Collected data entries
============

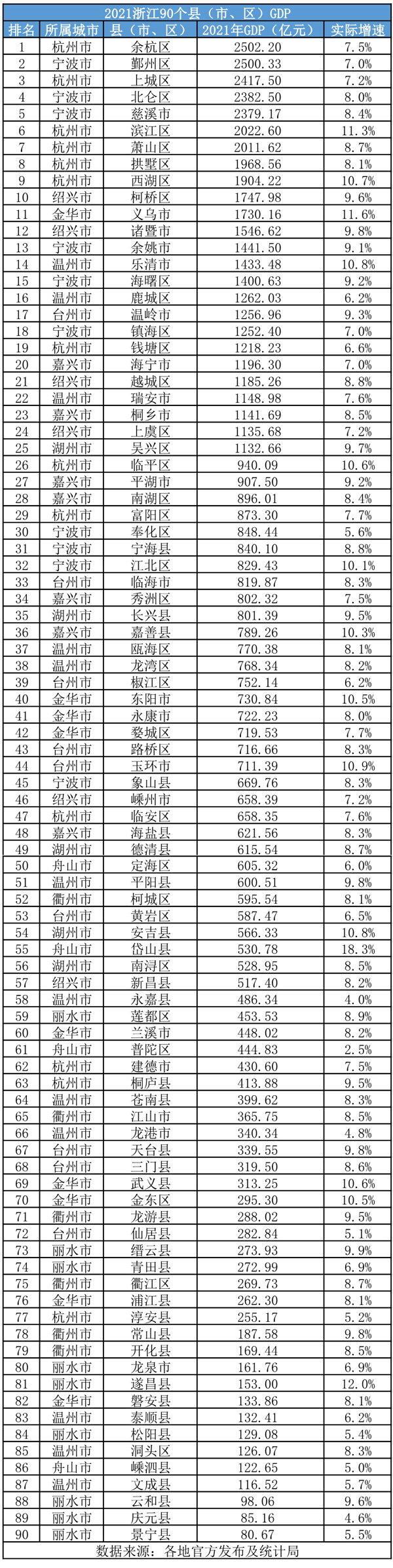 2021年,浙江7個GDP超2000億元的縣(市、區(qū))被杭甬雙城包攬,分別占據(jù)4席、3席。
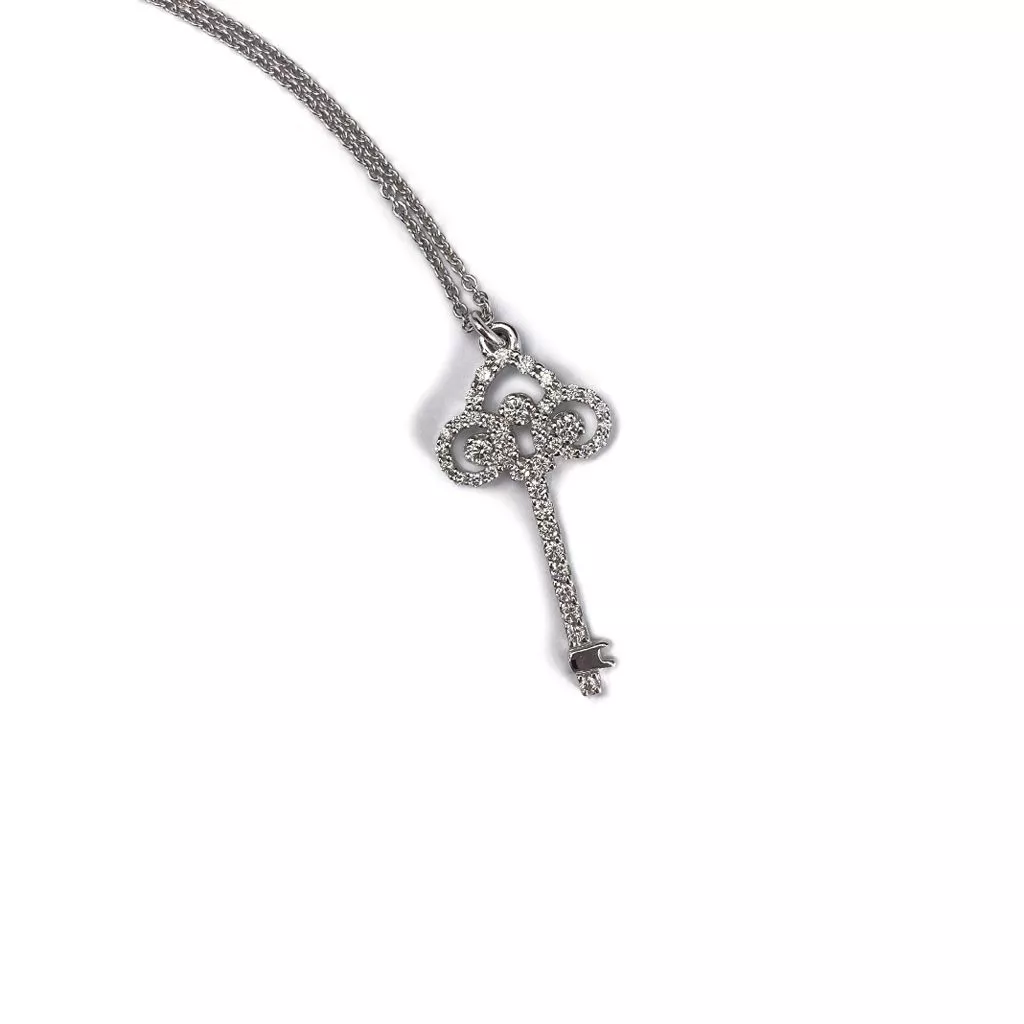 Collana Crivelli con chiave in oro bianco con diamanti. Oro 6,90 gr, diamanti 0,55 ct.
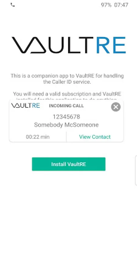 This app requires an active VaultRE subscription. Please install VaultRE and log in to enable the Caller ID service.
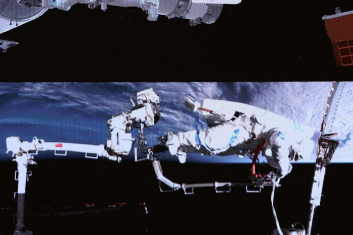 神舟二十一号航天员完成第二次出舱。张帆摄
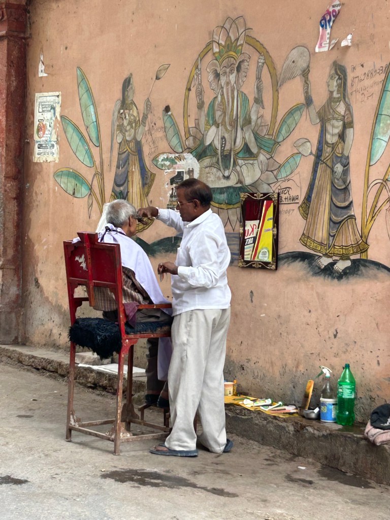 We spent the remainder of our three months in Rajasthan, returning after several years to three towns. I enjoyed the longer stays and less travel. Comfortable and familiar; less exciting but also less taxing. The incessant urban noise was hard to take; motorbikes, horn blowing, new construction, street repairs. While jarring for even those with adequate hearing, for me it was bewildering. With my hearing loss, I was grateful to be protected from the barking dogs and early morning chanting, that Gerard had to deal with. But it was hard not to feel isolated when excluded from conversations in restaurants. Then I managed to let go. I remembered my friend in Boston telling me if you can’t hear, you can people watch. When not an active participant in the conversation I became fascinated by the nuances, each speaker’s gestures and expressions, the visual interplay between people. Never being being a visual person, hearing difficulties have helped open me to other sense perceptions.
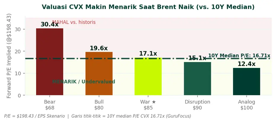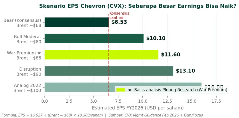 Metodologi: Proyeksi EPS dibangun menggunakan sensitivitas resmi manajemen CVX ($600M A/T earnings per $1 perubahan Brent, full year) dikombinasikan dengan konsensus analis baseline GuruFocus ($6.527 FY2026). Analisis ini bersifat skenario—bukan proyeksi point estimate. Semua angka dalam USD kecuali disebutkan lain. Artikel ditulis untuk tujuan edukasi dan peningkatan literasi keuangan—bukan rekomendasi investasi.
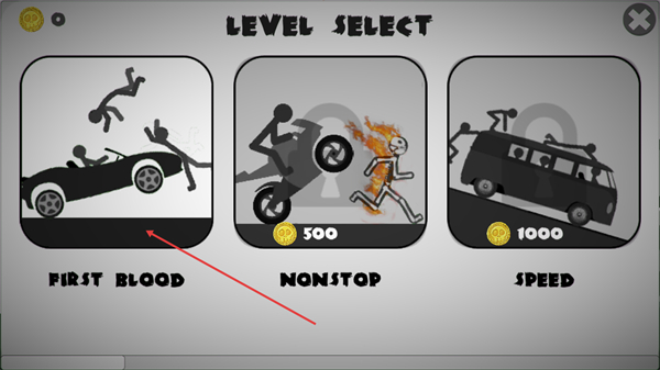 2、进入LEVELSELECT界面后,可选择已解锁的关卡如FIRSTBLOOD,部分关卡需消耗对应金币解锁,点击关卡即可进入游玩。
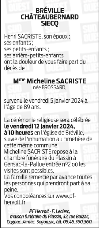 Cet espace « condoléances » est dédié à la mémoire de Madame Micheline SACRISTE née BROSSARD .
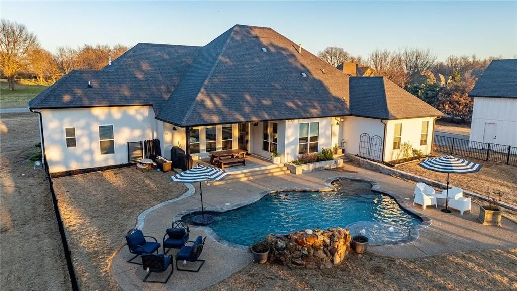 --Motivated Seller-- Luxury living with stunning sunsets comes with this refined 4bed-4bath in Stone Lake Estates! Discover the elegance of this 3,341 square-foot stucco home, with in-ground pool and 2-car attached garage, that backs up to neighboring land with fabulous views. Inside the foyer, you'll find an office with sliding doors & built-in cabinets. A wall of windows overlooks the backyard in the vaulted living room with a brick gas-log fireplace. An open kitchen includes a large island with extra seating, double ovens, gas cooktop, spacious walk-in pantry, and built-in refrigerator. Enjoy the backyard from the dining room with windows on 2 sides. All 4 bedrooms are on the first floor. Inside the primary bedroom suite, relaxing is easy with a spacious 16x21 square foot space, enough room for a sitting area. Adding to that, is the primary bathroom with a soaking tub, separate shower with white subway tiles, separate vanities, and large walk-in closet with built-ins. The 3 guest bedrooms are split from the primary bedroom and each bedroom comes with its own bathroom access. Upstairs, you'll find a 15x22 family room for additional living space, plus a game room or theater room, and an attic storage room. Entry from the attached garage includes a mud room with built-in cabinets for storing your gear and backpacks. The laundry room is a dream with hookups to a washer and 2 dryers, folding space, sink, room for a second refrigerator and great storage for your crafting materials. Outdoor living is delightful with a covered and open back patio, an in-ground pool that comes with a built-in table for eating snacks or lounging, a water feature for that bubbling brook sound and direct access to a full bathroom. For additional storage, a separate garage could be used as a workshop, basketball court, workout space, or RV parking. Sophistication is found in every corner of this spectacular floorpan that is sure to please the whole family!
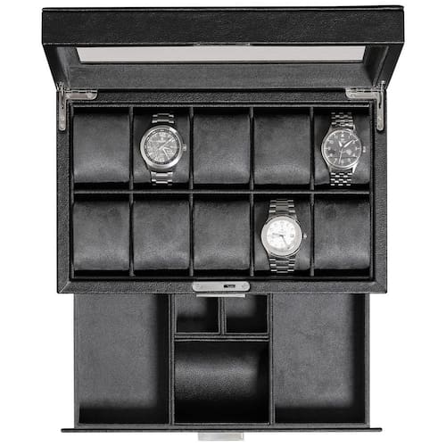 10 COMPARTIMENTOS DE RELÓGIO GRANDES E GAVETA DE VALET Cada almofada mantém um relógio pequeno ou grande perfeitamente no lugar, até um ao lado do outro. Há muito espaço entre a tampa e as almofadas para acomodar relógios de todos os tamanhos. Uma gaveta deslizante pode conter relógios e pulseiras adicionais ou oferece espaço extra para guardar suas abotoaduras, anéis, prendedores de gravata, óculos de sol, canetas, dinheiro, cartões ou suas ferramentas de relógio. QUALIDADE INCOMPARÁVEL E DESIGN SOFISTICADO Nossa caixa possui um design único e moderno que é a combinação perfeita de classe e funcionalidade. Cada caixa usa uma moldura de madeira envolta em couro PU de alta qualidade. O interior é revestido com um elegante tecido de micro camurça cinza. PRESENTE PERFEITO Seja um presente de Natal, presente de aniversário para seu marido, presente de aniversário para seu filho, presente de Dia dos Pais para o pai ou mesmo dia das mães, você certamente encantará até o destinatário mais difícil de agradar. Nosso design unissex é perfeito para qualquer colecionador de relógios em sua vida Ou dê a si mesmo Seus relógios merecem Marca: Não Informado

============

Every line above from the one with "This app requires" down to the one with "神舟二十一号航天员完成第二次出舱。张帆摄" must be written out exactly, and no picture may appear.

__Task result__.
 This app requires an active VaultRE subscription. Please install VaultRE and log in to enable the Caller ID service.
 神舟二十一号航天员完成第二次出舱。张帆摄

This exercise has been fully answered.